Après avoir dénoncé l’absence de consultation autour des amendements proposés à la Waqf Act, la Jummah Masjid de Port-Louis se dit désormais engagée dans un dialogue constructif avec les autorités. Son vice-président, Nissar Ramtoola, revient sur les rencontres tenues avec le ministre Shakeel Mohamed et les propositions soumises par l’équipe technique de la mosquée.
La Jummah Mosque est-elle rassurée après les consultations de cette semaine ?
À la suite de nos préoccupations, le ministre Shakeel Mohamed et les autorités ont réagi promptement. Notre équipe de professionnels a soumis des propositions afin de s’assurer que les amendements n’impactent pas la bonne gestion et l’indépendance des Waqfs.
Durant la semaine écoulée, plusieurs séances de travail/consultations ont été faites réunissant les ministres concernés, les représentants des différents ministères, le Waqf Board of Commissioners, les Ulémas, des professionnels ainsi que l’équipe technique de la Jummah Mosque.
Est-ce satisfaisant ?
Certainement. Ces échanges ont permis de revoir le projet de loi initial et d’aboutir à une ébauche qui tient davantage compte des réalités du terrain et des principes de la Sharia. Ces consultations ont permis aussi de corriger certaines anomalies qui prévalaient dans la loi existante. Nous saluons cette démarche constructive et l’esprit de dialogue qui a prévalu.

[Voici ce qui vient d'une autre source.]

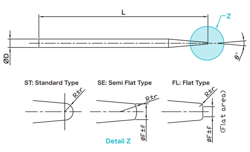 型號 | 直徑(Ф) | 前端角度(°) | 長度(L) | 前端R(μR) |

La consultation (shura) est un principe très recommandé en Islam et c’est une Sunnah de notre bien-aimé Prophète (saw). D’ailleurs, différentes organisations continuent d’apporter leurs suggestions et il paraît que les différents points et suggestions seront pris en considération.
Quelle est la prochaine étape ?
Nous prévoyons qu’il y aura une nouvelle réunion pendant la semaine à venir afin d’aboutir à un consensus qui allie bonne gouvernance et spécificités du Waqf, sacro-saint dans l’Islam. D’ailleurs, les principes de bonne gouvernance sont ancrés dans notre Sharia.
Nous estimons que ces amendements, liés spécifiquement à l’aspect « AML/CFT », doivent être accompagnés d’une refonte complète de la loi Waqf qui date de 1941 avec l’élaboration d’une feuille de route (Roadmap).
Quelles ont été les propositions de la Jummah Masjid ?
Nous avons fait une série de propositions aux autorités et elles reposent sur un principe simple : tous les waqfs ne présentent pas le même niveau de risque ni les mêmes caractéristiques. Aussi, un Mutawalli ne peut être comparé à un licencié des services financiers. Il est donc essentiel que la loi adopte une approche proportionnée.
Un Waqf est une amânah (responsabilité) envers Allah et dès qu’un waqf est dédié, il devient perpétuel et inaliénable. C’est dans cette optique que nos propositions ont été faites afin d’assurer la pérennité des Waqfs.
La distinction entre les différents waqfs sera-t-elle prise en considération ?
Nous avons proposé notamment de distinguer les waqfs selon leur taille, leur objet, leurs activités et leurs sources de financement, ainsi que les donations en petites quantités plutôt que d’imposer les mêmes obligations à tous.
Il était aussi important d’éviter de créer des charges administratives pour les petits waqfs familiaux ou religieux qui ne collectent pas de fonds auprès du public.
Nous espérons que ces consultations (Shura) déboucheront sur un plan de réforme consensuel et équilibré afin de consolider les Waqfs.